Last entry, I hope. It got the right results on files of all standard file types (ANSI, plus UTF8 or UTF16 LE or BE, both with and without BOM), and properly rejects UTF32 LE or BE because PB can't open them anyways.
It uses the Windows API function IsTextUnicode that Roland suggested, with two different constant arguments (to distinguish UTF16 LE from the less likely UTF16 BE):
Function long IsTextUnicode ( &
ref blob lpv, &
long iSize, &
ref long lpiResult &
) Library "advapi32.dll"
Constant Long IS_TEXT_UNICODE_STATISTICS = 2 // 0x0002
Constant Long IS_TEXT_UNICODE_REVERSE_STATISTICS = 32 // 0x0020
function boolean gf_read_text_file(REF string as_result, string as_filename, string as_description)
// Read the entire contents of the text file as_filename into as_result.
// On error, give messages based on the description of the file (as_description), and return FALSE.

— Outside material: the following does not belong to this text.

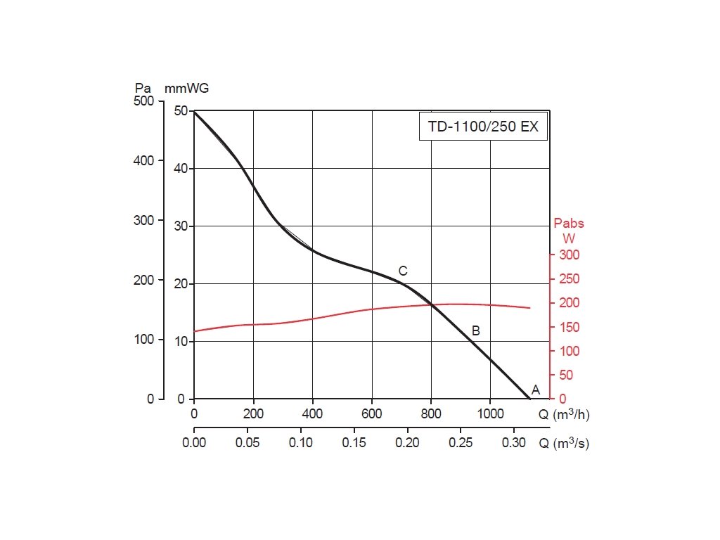 Potrubní nevýbušný ventilátor TD 1100/250 Ex má asynchronní motor s kotvou nakrátko, stator je s chladícími žebry. Skříň ventilátoru do výbušného prostředí je z ocelového plechu opatřeného černým polyesterovým lakem, držáky a šrouby jsou navíc galvanicky pokoveny. Montáž ventilátoru je v každé poloze osy motoru.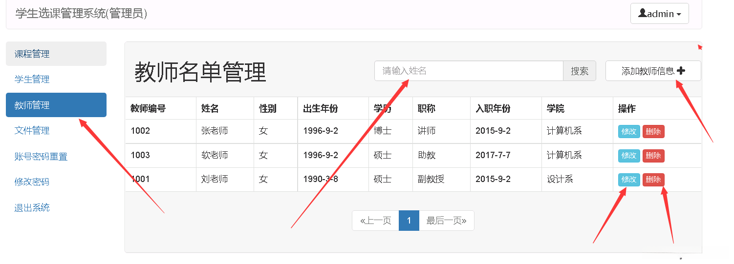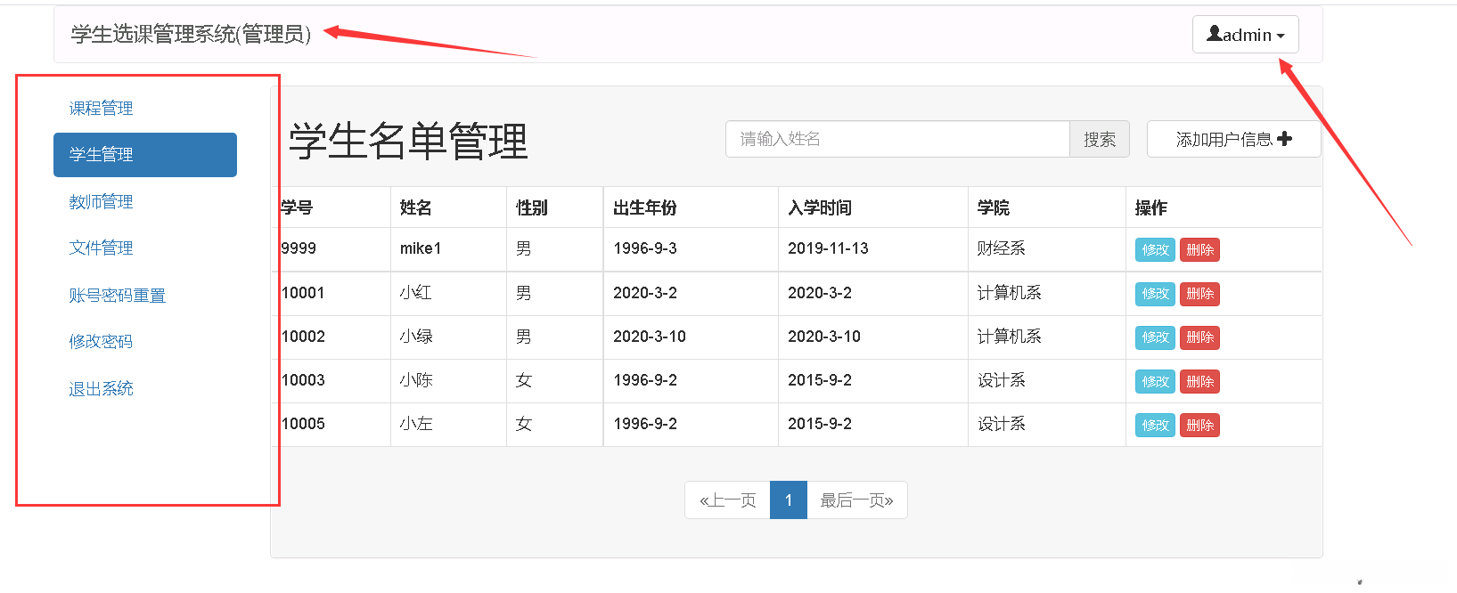 管理员可对 教师信息、学生信息、课程信息 进行 增删改查 操作,管理员账户,可以重置非管理员账户的密码。

// On success, return TRUE.
int li_file
long ll_bytes, ll_result
blob lblbBytes
byte lbBytes[]
Encoding lEncoding
String lsTemp
// We have encountered some files recently that are UTF16 LE with no BOM (Byte Order Mark),
// so examine the file as binary and figure some things out first, then convert it to the correct encoding!
li_file = FileOpen(as_filename, StreamMode!, Read!, Shared!)
if li_file = -1 then
gMsg.Show("Cannot open " + as_description + " " + as_filename + ":~n~n" + &
gnv_environment.uf_last_error_message(), Exclamation!)
return FALSE
end if
ll_bytes = FileReadEx(li_file, lblbBytes)
FileClose(li_file)
if ll_bytes = -100 then
gMsg.Show("The " + as_description + " " + as_filename + " is empty.", Exclamation!)
return FALSE
elseif ll_bytes = -1 then
gMsg.Show("Cannot read " + as_description + " " + as_filename + ":~n~n" + &
gnv_environment.uf_last_error_message(), Exclamation!)
return FALSE
end if
lbBytes = GetByteArray(BlobMid(lblbBytes, 1, 4))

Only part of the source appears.